Restate the lines of the material below word for word, from the first through the one containing "邊坡防護網(wǎng)有主動", and include nothing else; pictures stay out.
Content starts
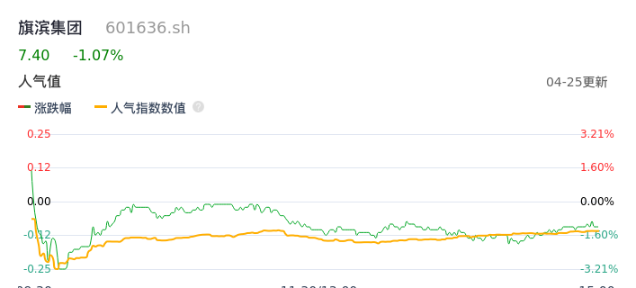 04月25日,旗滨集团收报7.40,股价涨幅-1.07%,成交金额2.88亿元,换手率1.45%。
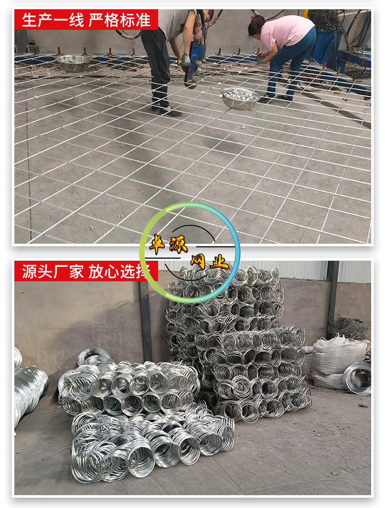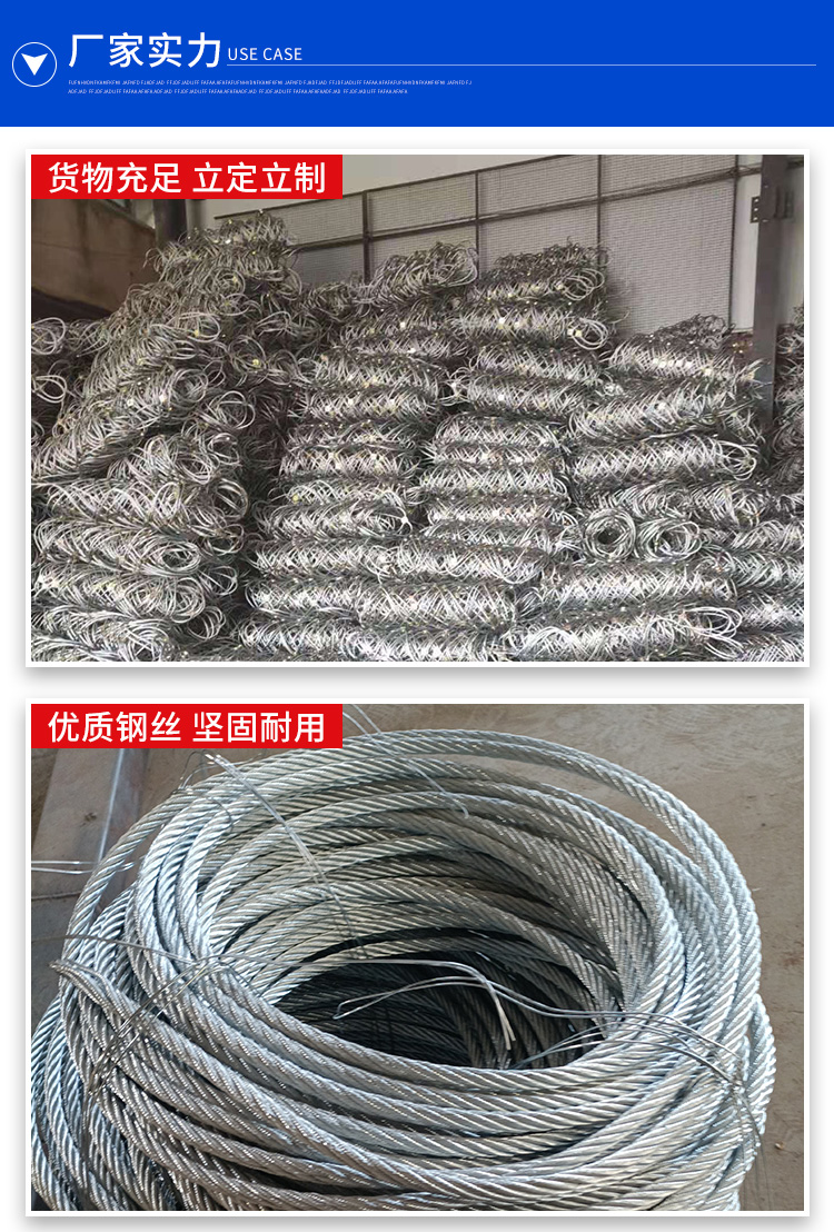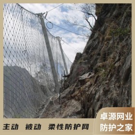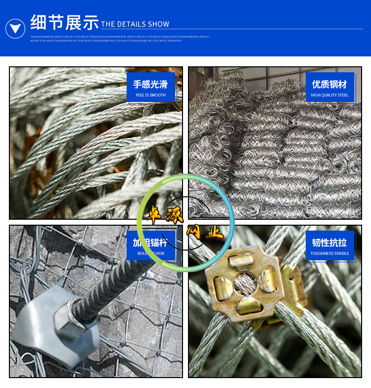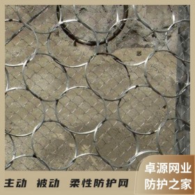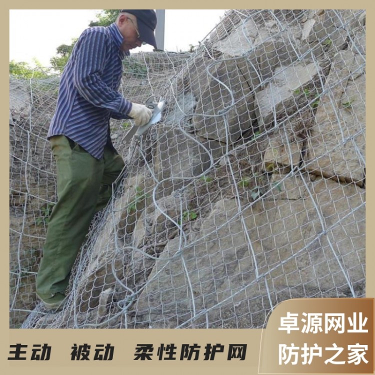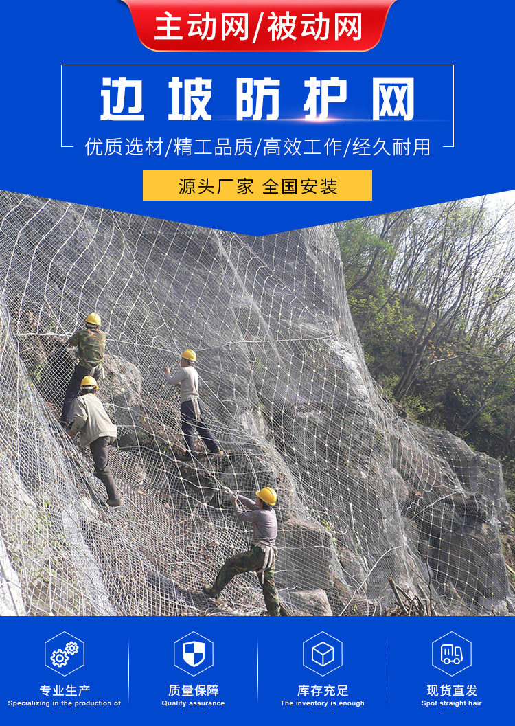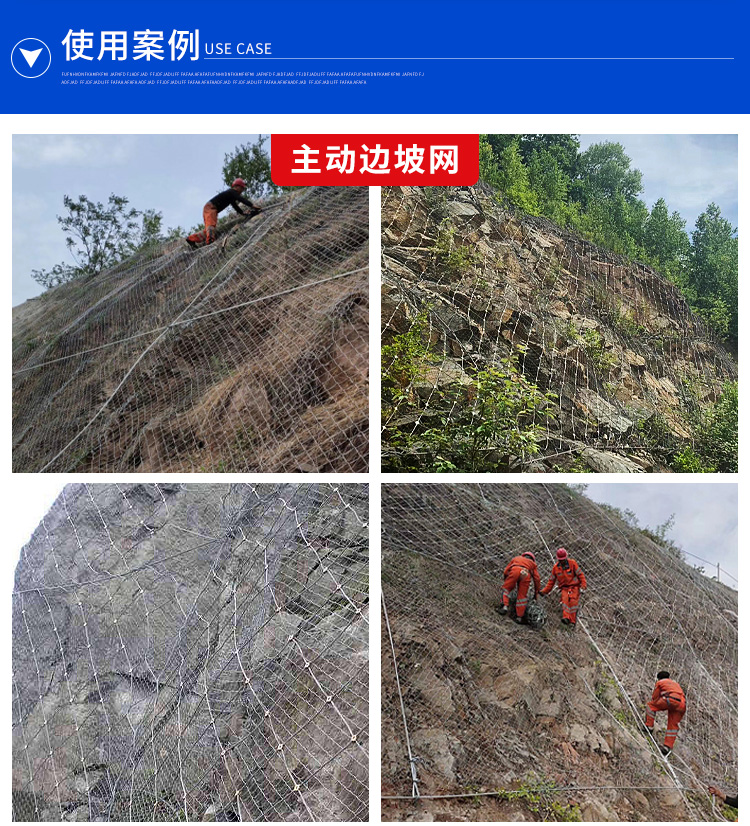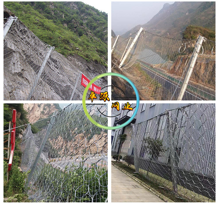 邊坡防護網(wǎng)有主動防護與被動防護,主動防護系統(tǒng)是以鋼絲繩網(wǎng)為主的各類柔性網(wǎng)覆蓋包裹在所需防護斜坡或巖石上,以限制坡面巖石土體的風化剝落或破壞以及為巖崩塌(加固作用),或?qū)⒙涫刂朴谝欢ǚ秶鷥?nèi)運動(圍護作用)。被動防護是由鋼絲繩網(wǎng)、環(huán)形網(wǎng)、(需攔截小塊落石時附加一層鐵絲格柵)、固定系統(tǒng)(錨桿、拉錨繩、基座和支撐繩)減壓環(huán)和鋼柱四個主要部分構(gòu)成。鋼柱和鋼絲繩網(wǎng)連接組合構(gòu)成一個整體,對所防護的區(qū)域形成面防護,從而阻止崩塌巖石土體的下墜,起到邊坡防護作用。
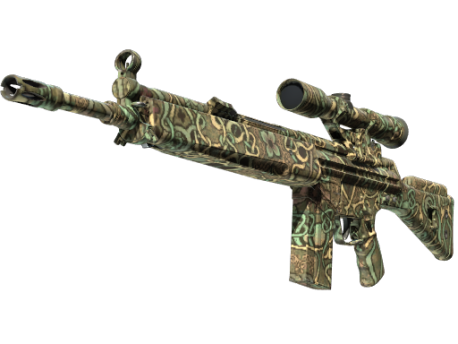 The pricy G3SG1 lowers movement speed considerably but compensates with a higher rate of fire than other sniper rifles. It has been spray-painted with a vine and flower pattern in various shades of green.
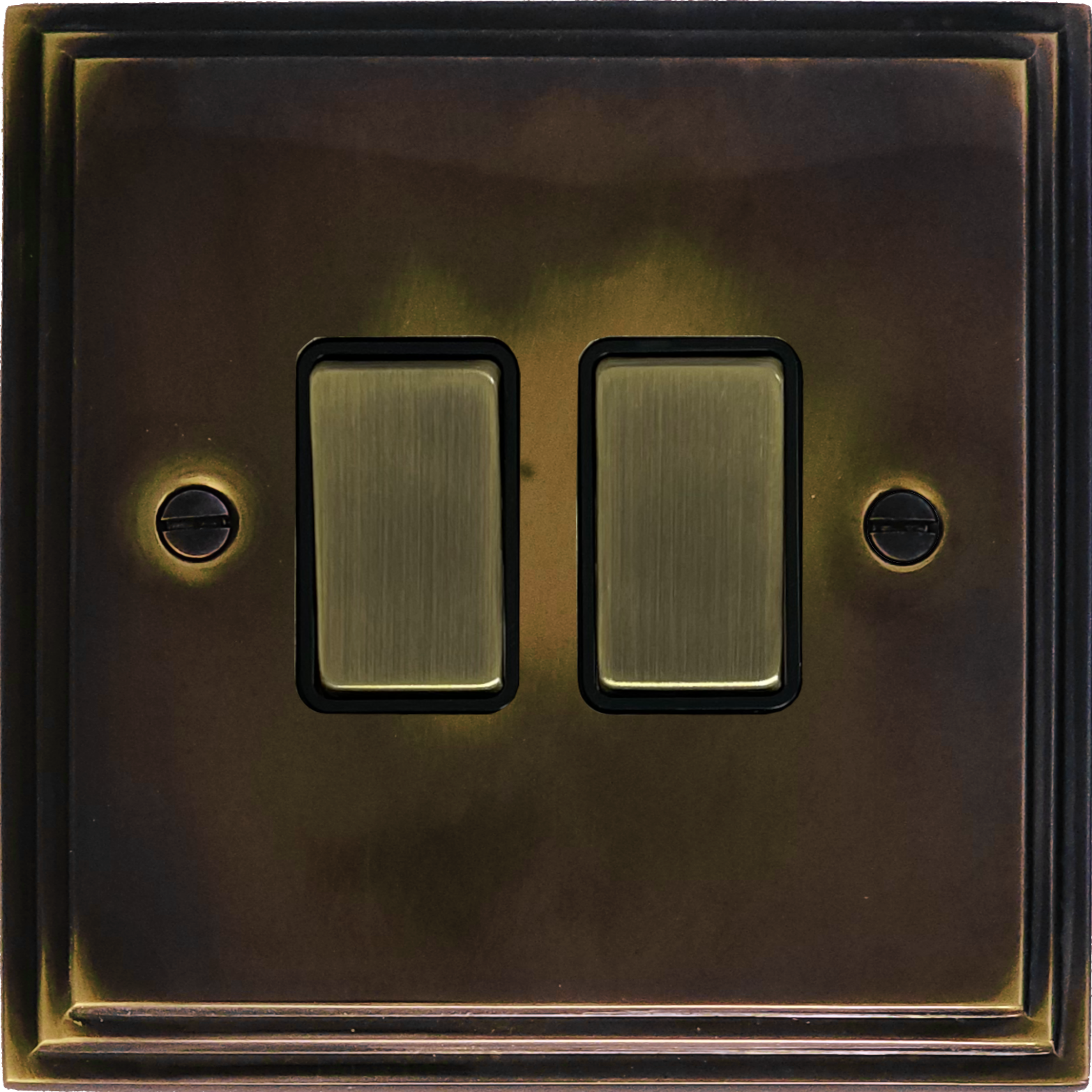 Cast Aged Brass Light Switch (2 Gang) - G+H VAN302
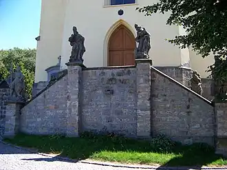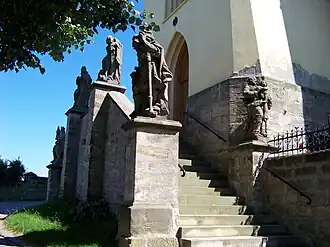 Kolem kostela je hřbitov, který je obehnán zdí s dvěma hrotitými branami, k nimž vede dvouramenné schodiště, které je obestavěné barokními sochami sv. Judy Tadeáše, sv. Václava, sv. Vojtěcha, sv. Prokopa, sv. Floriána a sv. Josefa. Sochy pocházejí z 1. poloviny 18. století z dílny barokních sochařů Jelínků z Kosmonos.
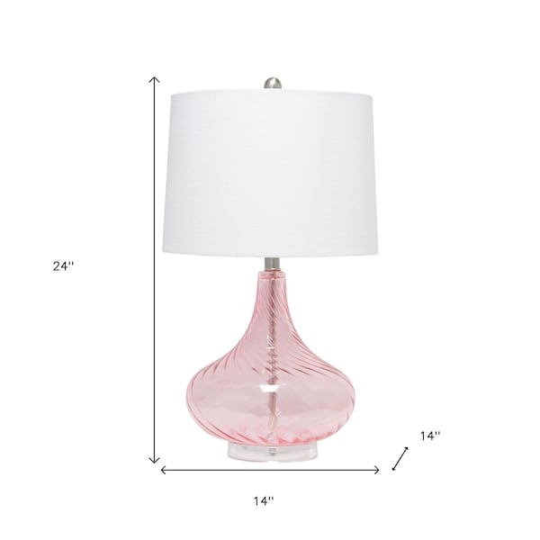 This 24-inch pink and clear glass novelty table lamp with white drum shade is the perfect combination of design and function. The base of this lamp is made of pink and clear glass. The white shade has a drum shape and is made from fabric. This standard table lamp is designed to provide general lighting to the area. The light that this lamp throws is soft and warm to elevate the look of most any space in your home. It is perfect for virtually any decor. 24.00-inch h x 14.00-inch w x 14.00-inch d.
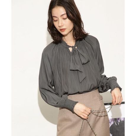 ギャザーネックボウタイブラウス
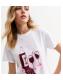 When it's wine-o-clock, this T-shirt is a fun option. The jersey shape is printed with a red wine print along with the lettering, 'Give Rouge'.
Content ends
→ Solution to the exercise:
 04月25日,旗滨集团收报7.40,股价涨幅-1.07%,成交金额2.88亿元,换手率1.45%。
 邊坡防護網(wǎng)有主動防護與被動防護,主動防護系統(tǒng)是以鋼絲繩網(wǎng)為主的各類柔性網(wǎng)覆蓋包裹在所需防護斜坡或巖石上,以限制坡面巖石土體的風化剝落或破壞以及為巖崩塌(加固作用),或?qū)⒙涫刂朴谝欢ǚ秶鷥?nèi)運動(圍護作用)。被動防護是由鋼絲繩網(wǎng)、環(huán)形網(wǎng)、(需攔截小塊落石時附加一層鐵絲格柵)、固定系統(tǒng)(錨桿、拉錨繩、基座和支撐繩)減壓環(huán)和鋼柱四個主要部分構(gòu)成。鋼柱和鋼絲繩網(wǎng)連接組合構(gòu)成一個整體,對所防護的區(qū)域形成面防護,從而阻止崩塌巖石土體的下墜,起到邊坡防護作用。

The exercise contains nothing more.